First, we will start off with simulating data that has an increasing
integer x
coordinate (time point) and a continuous
y
coordinate (observation value).
We will then use the mcp
package to detect a point in
x
where the value of y
changes abruptly. This
package is able to infer many different kinds of change points. Here, we
make use of changing intercepts with constant, normally distributed
noise. The package is built on rjags
, which uses a Gibbs
sampling Markov-Chain Monte Carlo (MCMC).
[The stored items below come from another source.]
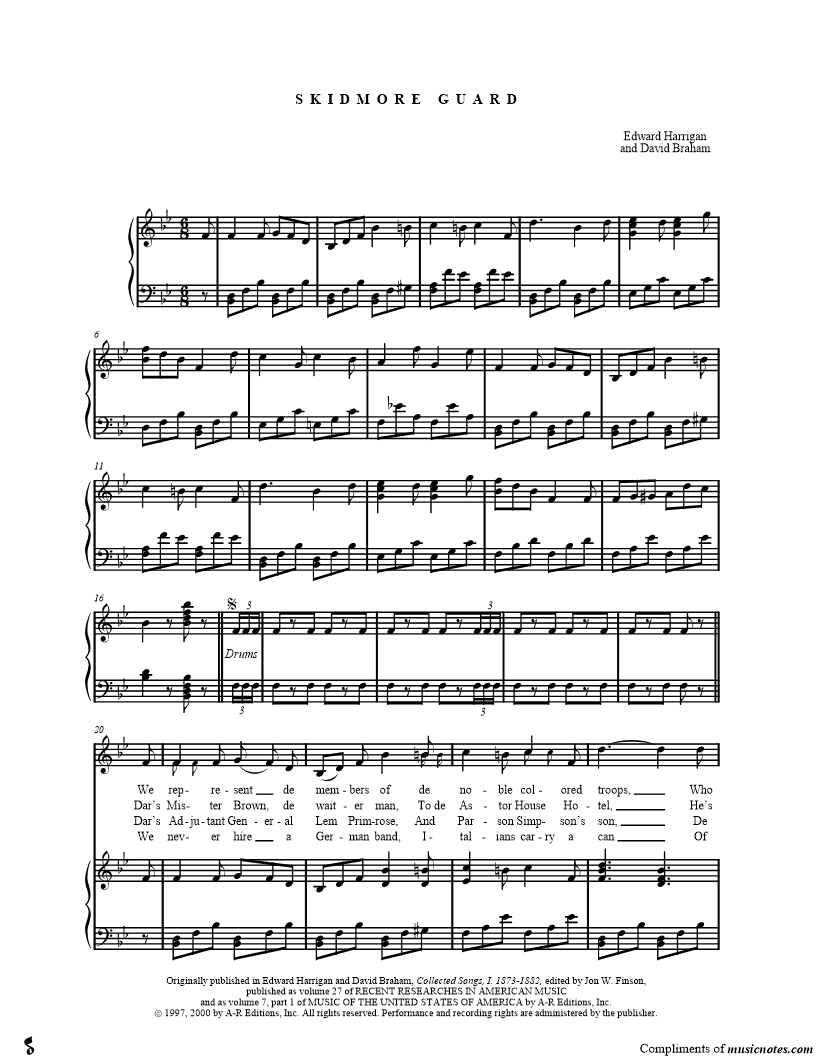 We represent de members of de noble colored troops, Who march about de streets of York, In French imperial suits, Black pantaloons and yaller stripes, And helmets trimmed with blue. |
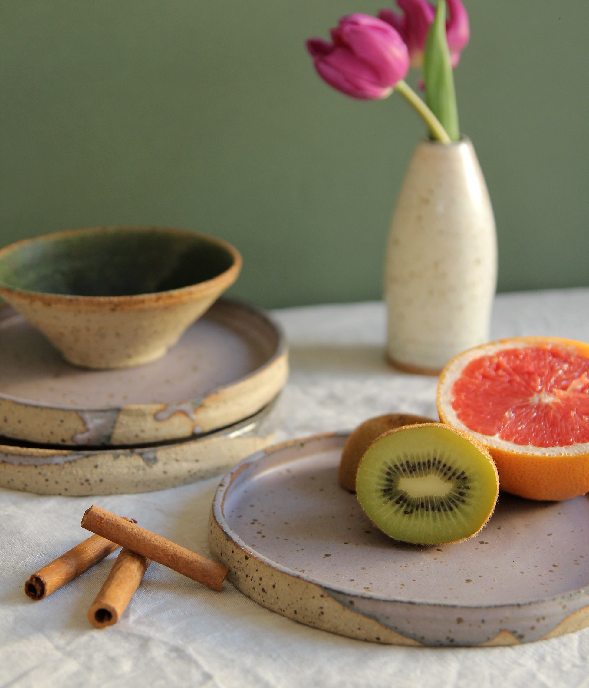 Lot de 3 assiettes en grès lava et émail orage
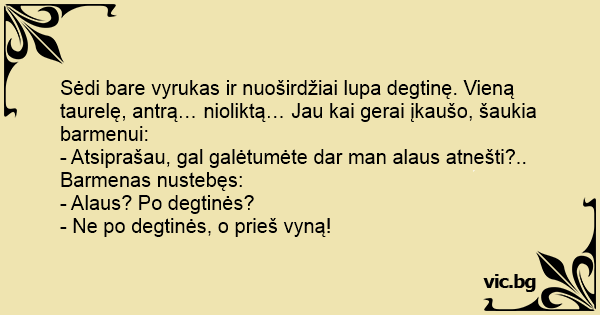 Sėdi bare vyrukas ir nuoširdžiai lupa degtinę. Vieną taurelę, antrą… nioliktą… Jau kai gerai įkaušo, šaukia barmenui:
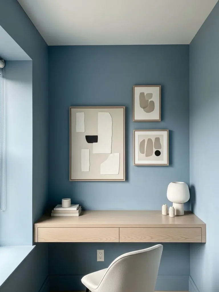 This home office features a calm muted blue wall color that instantly makes the space feel airy and relaxed without being boring. The built in floating desk in light wood keeps everything looking clean and uncluttered while still feeling warm and welcoming. Abstract art in soft neutrals adds just enough visual interest without overpowering the room. The simple chair and sculptural lamp keep the look modern yet cozy and the natural light from the window makes the color feel even softer and more inviting.
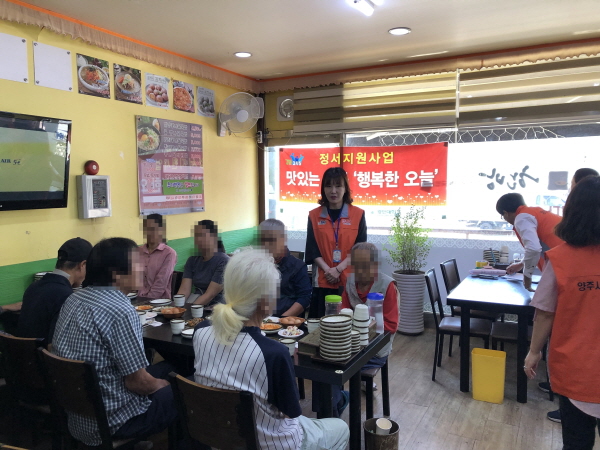 양주시무한돌봄행복센터는 지역 내 저소득 취약계층을 대상으로 분기 1회 외식지원 사업을 실시했다으로써 여가활용과 정서함양의 기회를 제공하는 등 따뜻한 지역사회 분위기를 조성하는데 앞장서고 있다.
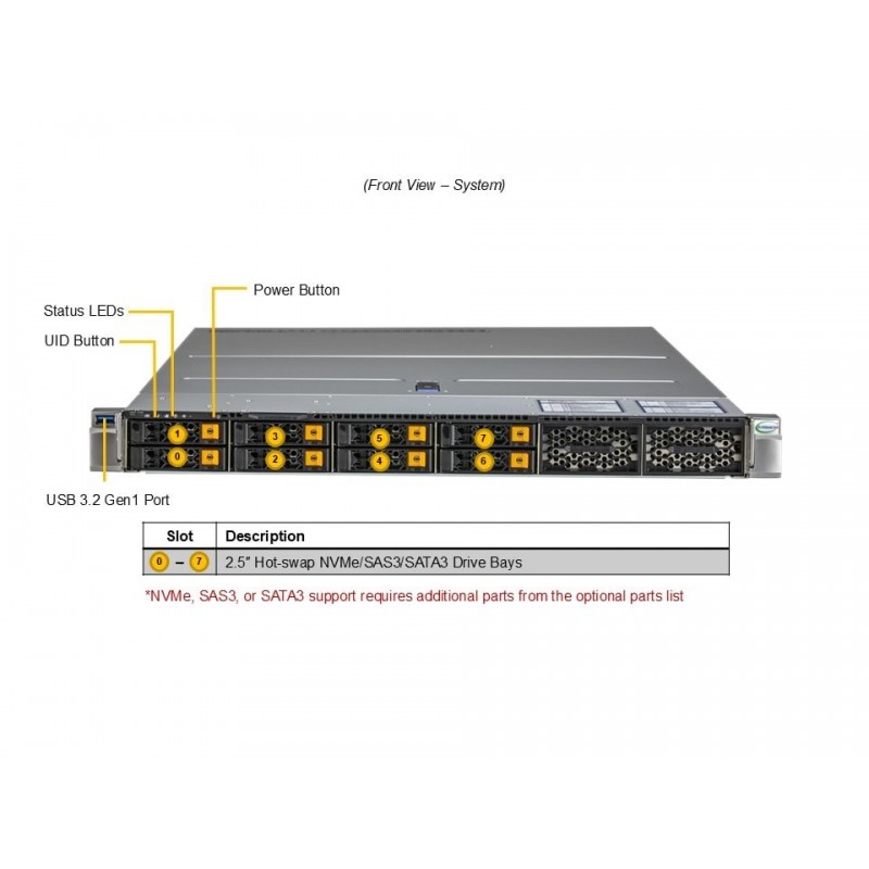 Hyper to flagowy serwer rackowy o wysokiej wydajności, zaprojektowany z myślą o skalowalnych obciążeniach chmur obliczeniowych. Wyposażony jest w pojedyncze gniazdo procesora Intel® Xeon® z serii 6900 i posiada 12 gniazd DIMM, które łącznie obsługują do 3TB pamięci. Serwer obsługuje karty rozszerzeń o podwójnej szerokości i oferuje elastyczne opcje sieciowe dzięki 1 gniazdu AIOM (kompatybilne z OCP NIC 3.0). Z łatwością radzi sobie z pracą o dużej przepustowości dzięki wsparciu dla dysków PCIe 5.0 NVMe. Na pokładzie znajduje się również TPM 2.0.
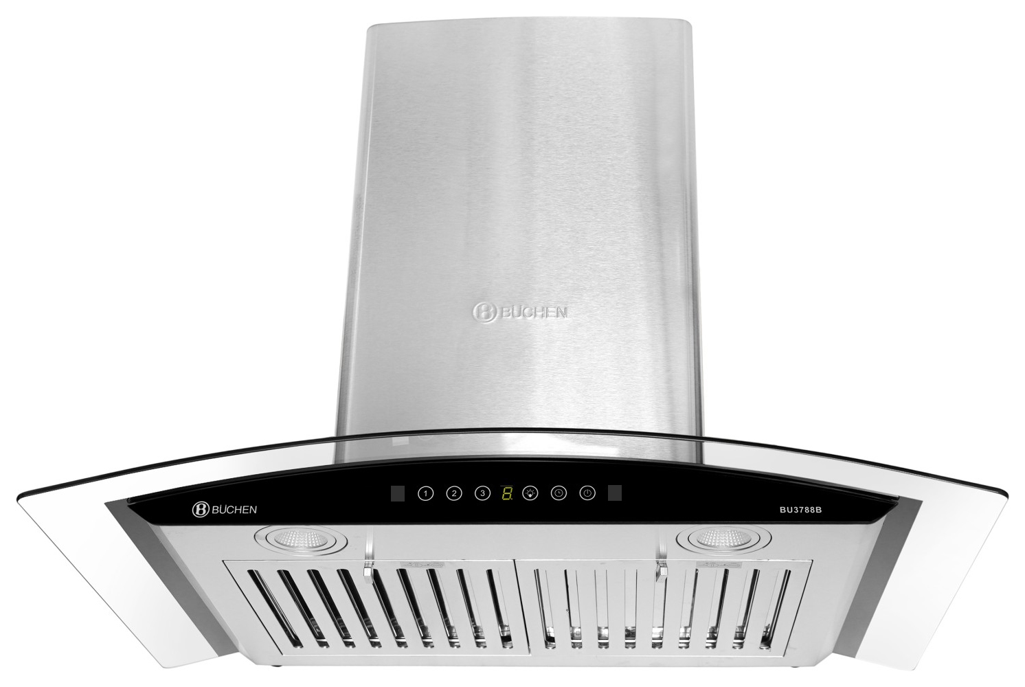 Máy hút mùi Buchen BU3788B sử dụng bảng điều khiển cảm ứng gồm 3 tốc độ hút phù hợp với lượng mùi và khói khi nấu ăn để đảm bảo sạch mùi cho không gian bếp nhà bạn. Hệ thống đèn chiếu sáng của máy gồm 2 đèn Led có tác dụng chiếu sáng và làm cho công việc nấu ăn thêm thuận lợi. Lưới lọc mỡ bằng Inox dạng thanh nan để ngăn chặn triệt để mùi, bụi lọt vào bên trong máy gây hỏng động cơ. Tấm lưới này có thể tháo rời để vệ sinh một cách dễ dàng.
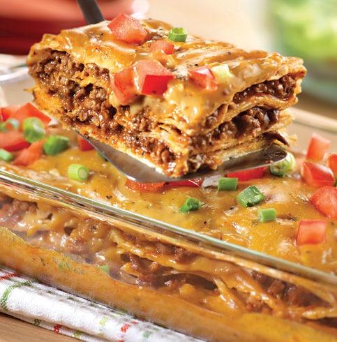 Update your boring Italian lasagna with this Mexican lasagna. Leave out the lasagna noodles and use tortillas, and make it burst with flavor using fajita or taco seasoning mix, other spices and condensed soups. Top it all off with sour cream, guacamole, c
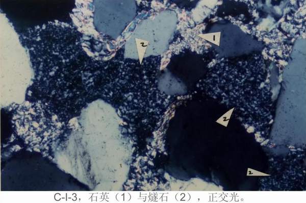 I1:①颗粒:石英(有再生加大现象)、燧石、粘土岩岩屑。②杂基成分:粘土矿物,少量细粉砂级的石英碎屑。③胶结物成分:以硅质为主,有少量铁质,硅质已重结晶为显晶质石英,使石英碎屑颗粒再生加大;铁质成为石英碎屑颗粒的周边。④胶结类型:孔隙式胶结。
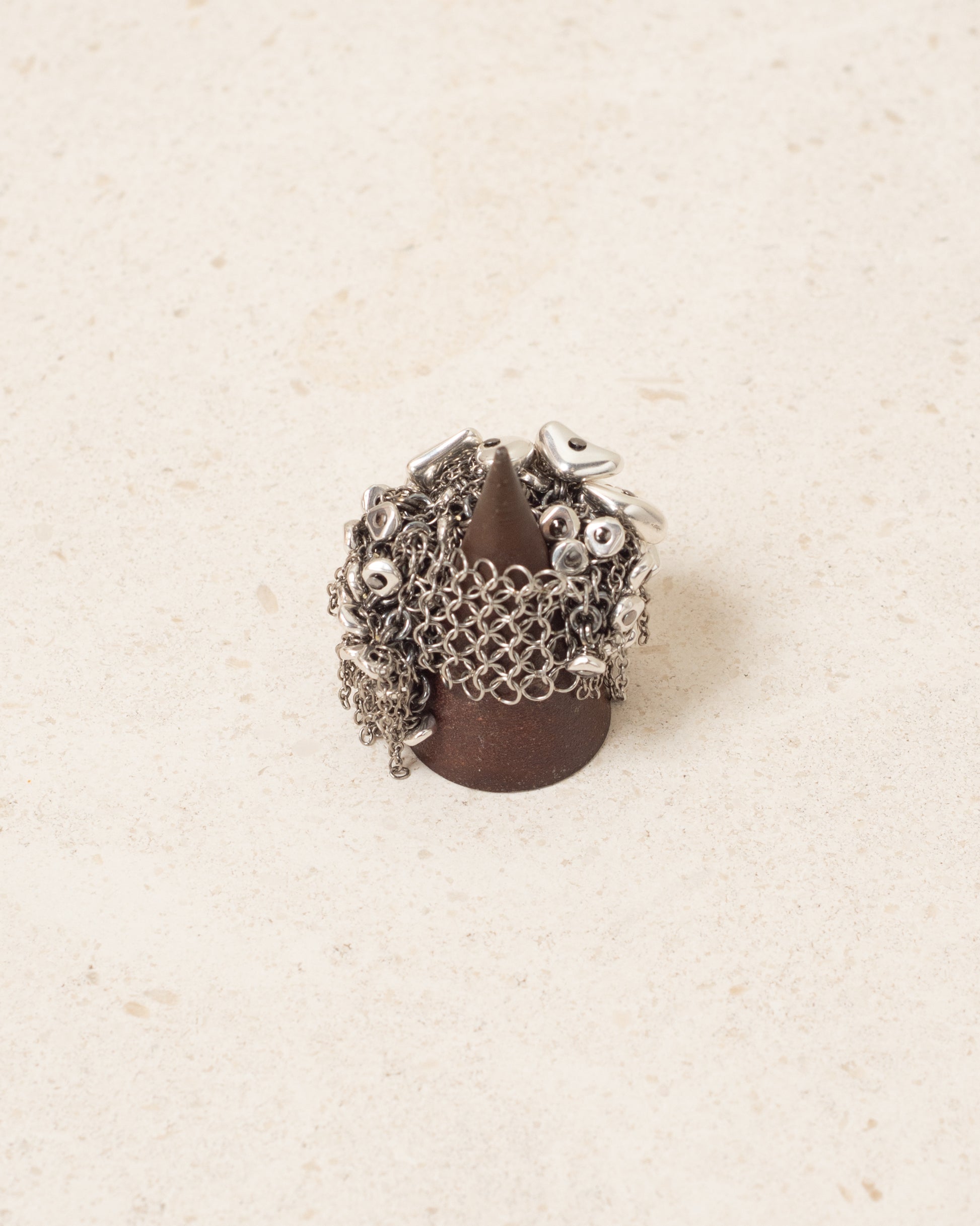 Chain ring by Jean-François Mimilla with steel beads. Arresting and textural ring comprising of interlinked chains encircling the finger. Dazzling beads of steel in shapely organic forms decorate the exterior with finer chainlinks fringed throughout.
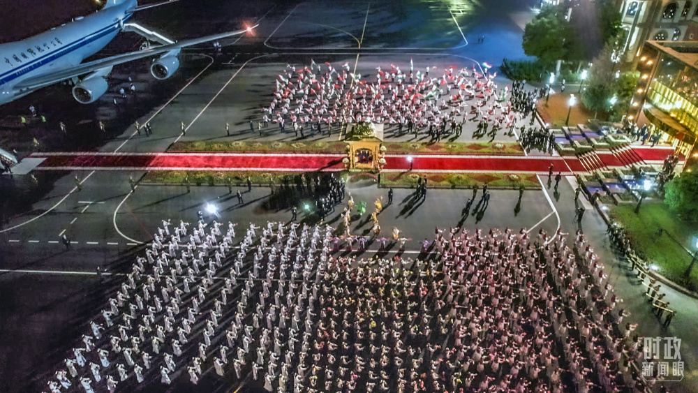 塔方在機(jī)場舉行的盛大迎賓儀式。(總臺(tái)央視記者邢彬)
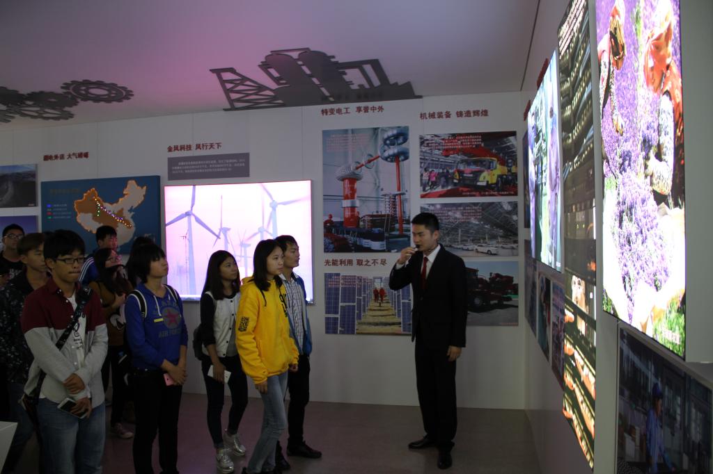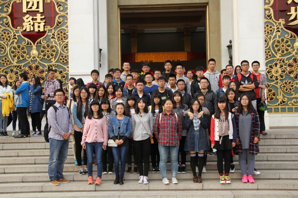 的同学们跟随讲解员的引导参观展馆,认真倾听讲解员对新疆维吾尔自治区发展所做的努力与如今成就的讲述。参观过展馆后,参与此次活动的全体同学在民族文化宫门前合影留念。
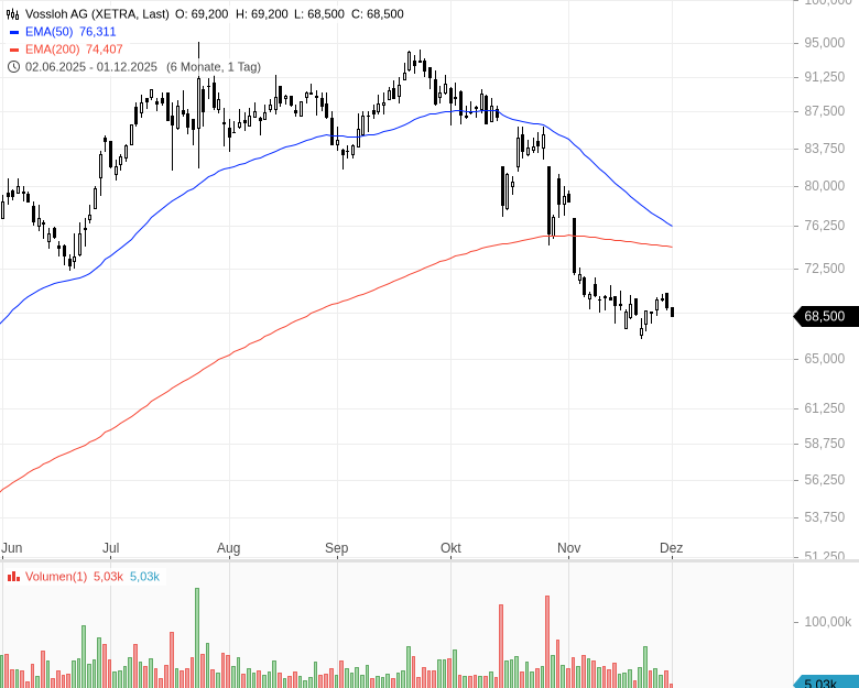 Fazit: Der jüngste Kursrücksetzer ist vor allem auf Verzögerungen bei der Auftragsvergabe zurückzuführen. Für geduldige Anleger eine interessante Einstiegschance. Die Vossloh-Aktie hat von über 90 EUR auf zuletzt 69 EUR korrigiert. Mehrere Analysten hatten die Aktie abgestuft, weil kurzfristig die Erwartungen überzogen waren. Sehr kurzfristige Kurstreiber sind kaum auszumachen. Erst im Laufe des Jahres 2026 dürfte die Aktie wieder mehr Schwung entfalten, wenn Aufträge in die Bücher kommen. Wer bis dahin Geduld hat, kann mit einer ersten Tranche einsteigen.
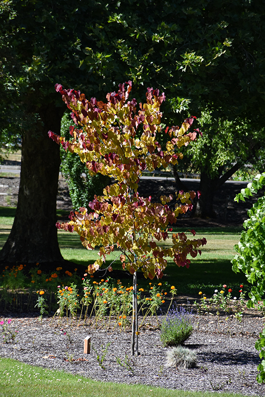 Flame Thrower® Redbud features showy hot pink pea-like flowers with dark red calyces along the branches from early to mid spring before the leaves. It has attractive yellow-variegated lime green foliage with hints of red which emerges burgundy in spring. The glossy heart-shaped leaves are highly ornamental and turn outstanding shades of orange and in the fall.
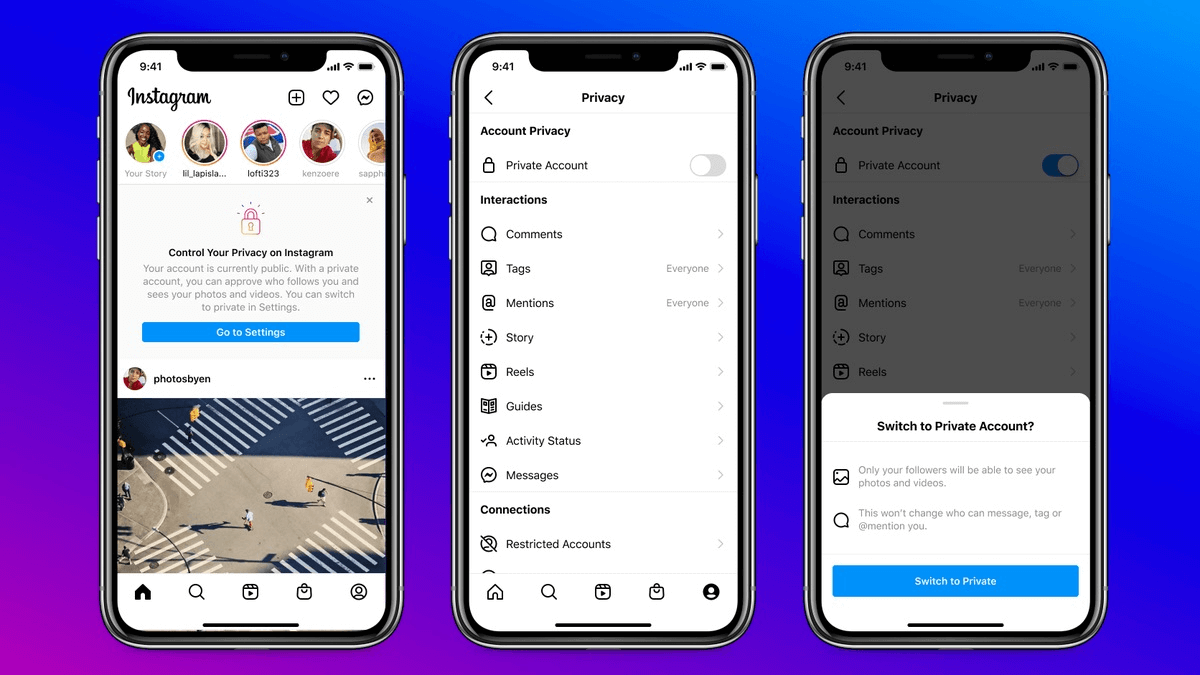 Instagram 帐户注册时,未满 16 岁的未成年人默认使用私人帐户,仅粉丝才能查看其发布的信息,在平台内容分发和互动上与成年人帐户进行隔离。当用户更改成公共帐户时,会给到提示强调私人帐户的好处。
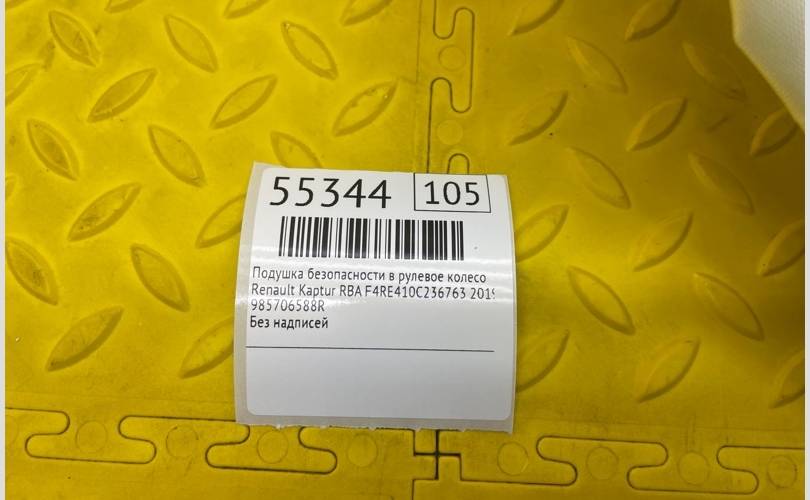 Подушка безопасности в рулевое колесо Renault Kaptur 2019 985706588R RBA F4RE410C236763
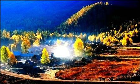 初秋美景藏在乡村里。在喀纳斯湖旁的白哈巴村、禾木乡村,散落着村民们居住的小木屋,马儿们如星星般散落四周,整个村庄展现出一幅融合了哈萨克、维吾尔、蒙古族特色的民族风情。

These computations are usually computationally expensive, but the individual sampling chains are independent of each other. This makes this kind of problem amenable to extensive parallelization.
Fortunately, the rjags
package is already provided as a
module, so we can load it using the following command:
module load rjags/4-10-R-4.1.2
After running this, it should be available from within R via
library(rjags)
. We still need to
install.packages("mcp")
, but as this does not require
external tools it should work without issues. Note that the system-wide
R package library is not writable for individual users, so you have to
use your user library in your home directory (R will prompt you to do
this).
Creating a function to simulate data
We can use the following function to simulate our data:
# simulate one data set with random break points and y coordinates
simulate_data = function(len=1000, bps=c(0,1,2)) {
sim = data.frame(x=seq_len(len), y=rnorm(len))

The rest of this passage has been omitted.